Use your results from 4.3 and 4.2.1 to answer the following questions below. You may also need to rely on prior knowledge of what each of these fashion items looks like. In assignment 6 we visualized a handful of each type of fashion item).

1.  What kind of fashion items have the highest positive median principal component 2 values? Give 2.
2.  What kind of fashion items have the highest negative median principal component 2 values? Give 2.
3.  What kind of fashion items have the lowest magnitude median principal component 2 values? Give 2.
4.  Describe the pixel relationship that accounts for the *second* most amount of image variability in this dataset.

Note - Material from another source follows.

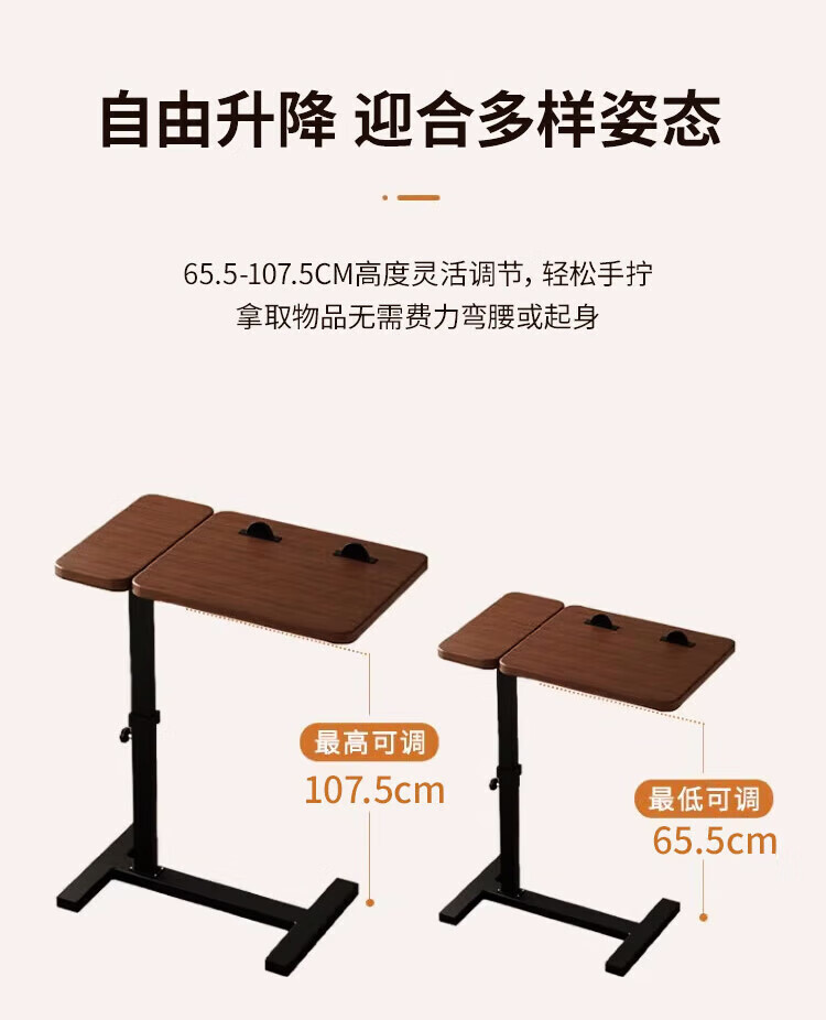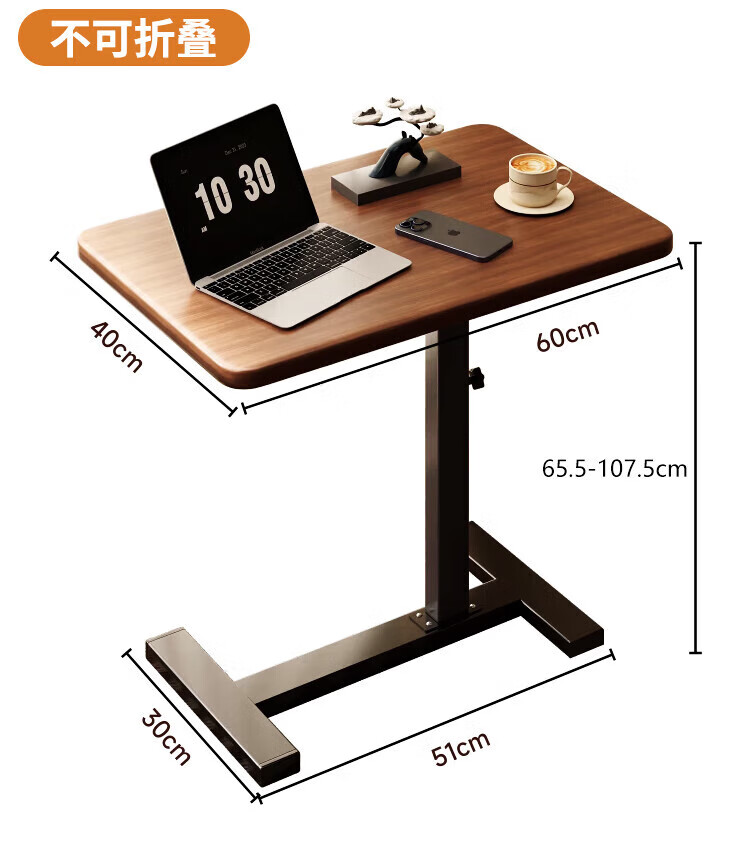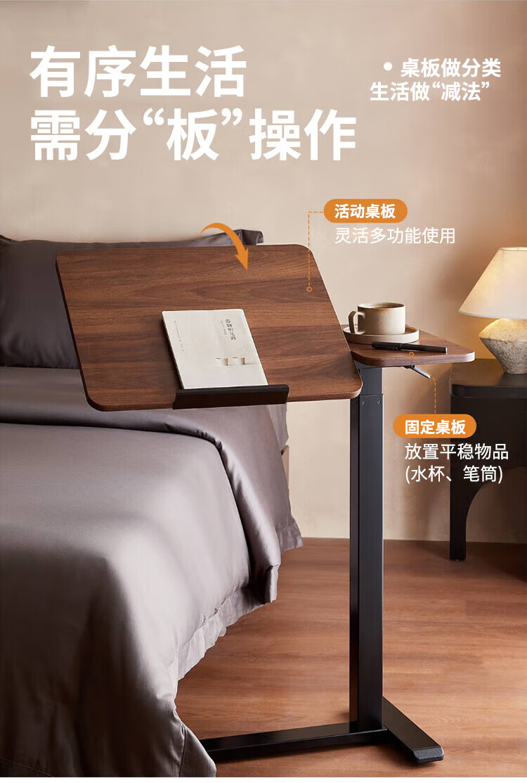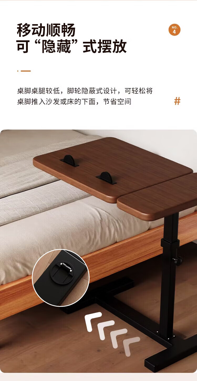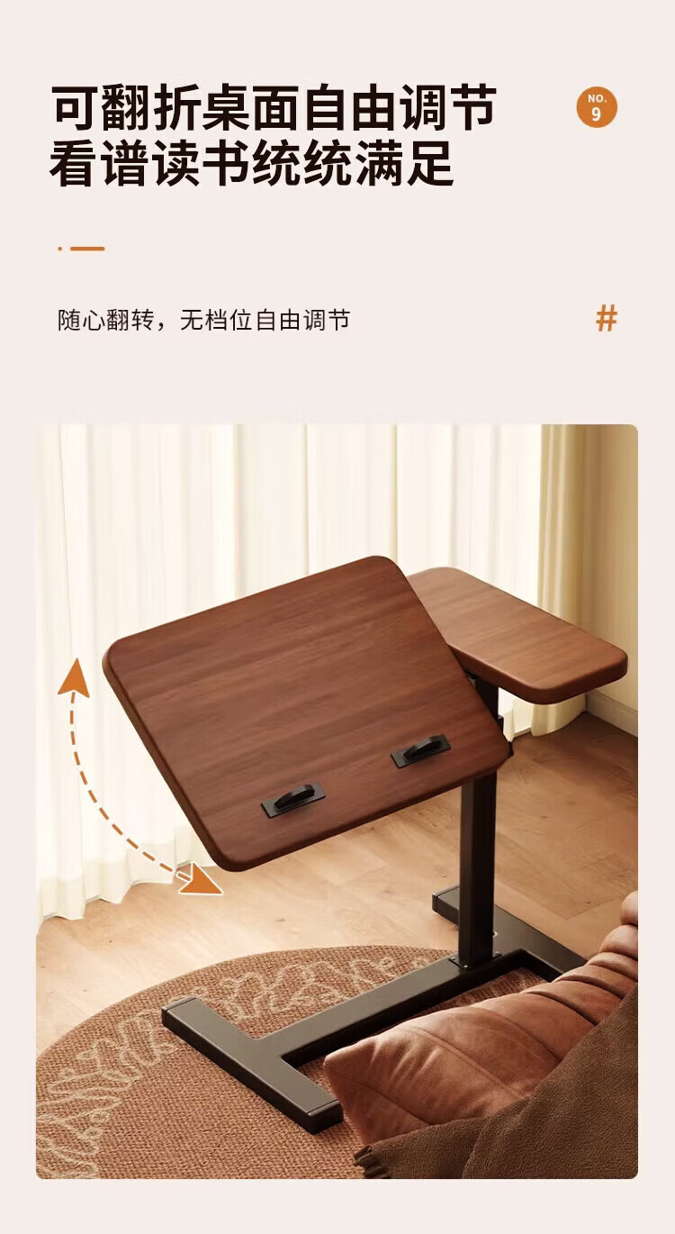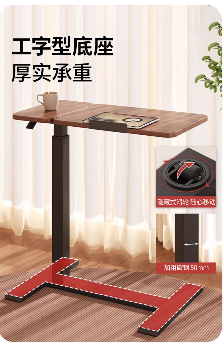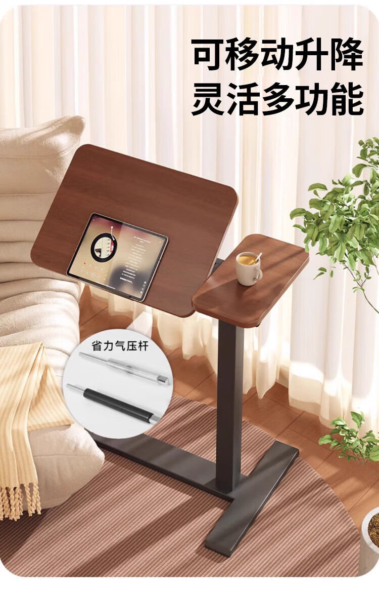 Yaoying Computer Desk Bedside Table Movable Lift Desk Home Study Table Living Room Sofa Side Bedroom Writing Table Loss Impulse Walnut Color-Black Frame-Regular Style
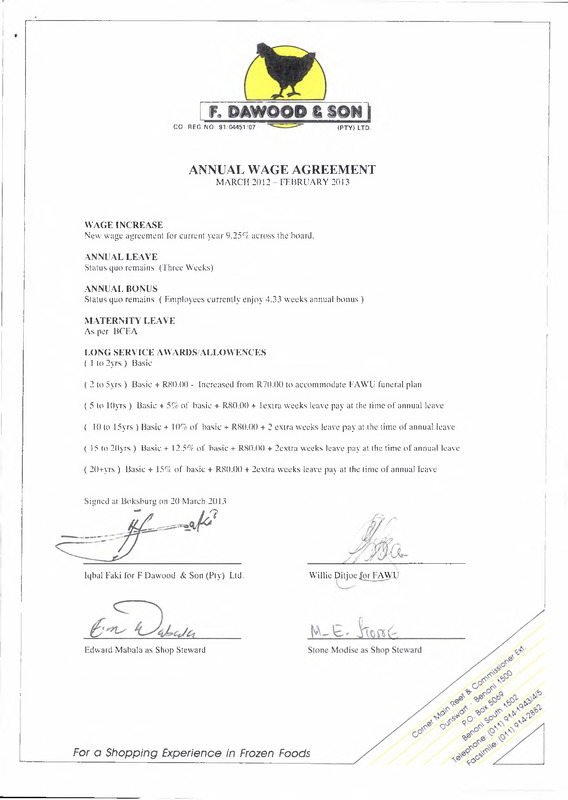 - Annual wage agreement: March 2012 - February 2013. Agreement entered into between two parties, being: F. Dawood & Son (Pty) Ltd the Food and Allied Workers Union (FAWU)

### 4.6. Principal Component 3 Interpretation

Use your results from 4.3 and 4.2.1 to answer the following questions below. You may also need to rely on prior knowledge of what each of these fashion items looks like. In assignment 6 we visualized a handful of each type of fashion item).

1.  What kind of fashion items have the highest positive median principal component 3 values? Give 2.
2.  What kind of fashion items have the highest negative median principal component 3 values? Give 1.
3.  Describe the pixel relationship that accounts for the *third* most amount of image variability in this dataset.

### 4.7. The Variability of Sandals... Again &#128514;

#### 4.7.1. High and Low Principal Component 1 Values for Sandals

Finally, visualize the image of the sandal that has the highest magnitude value for principal component 1. Then visualize the image of the sandal that has the lowest magnitude value for principal component 1.

#### 4.7.2. Interpretation

Why do we think image with the higher principal component 1 magnitude was given a mucher higher value than the other sandal image that we looked at?

## 5. Double Checking Desired PCA Properties

### 5.1. Attribute Variances

Calculate the variances of your k principal components.

### 5.2. Percent of Total Pixel Variance

Calculate the the sum of the principal component variances. Then divide this value by the total pixel attribute variance from 2.2.

### 5.3. Covariance Matrix

Finally, calculate the covariance matrix of your principal components.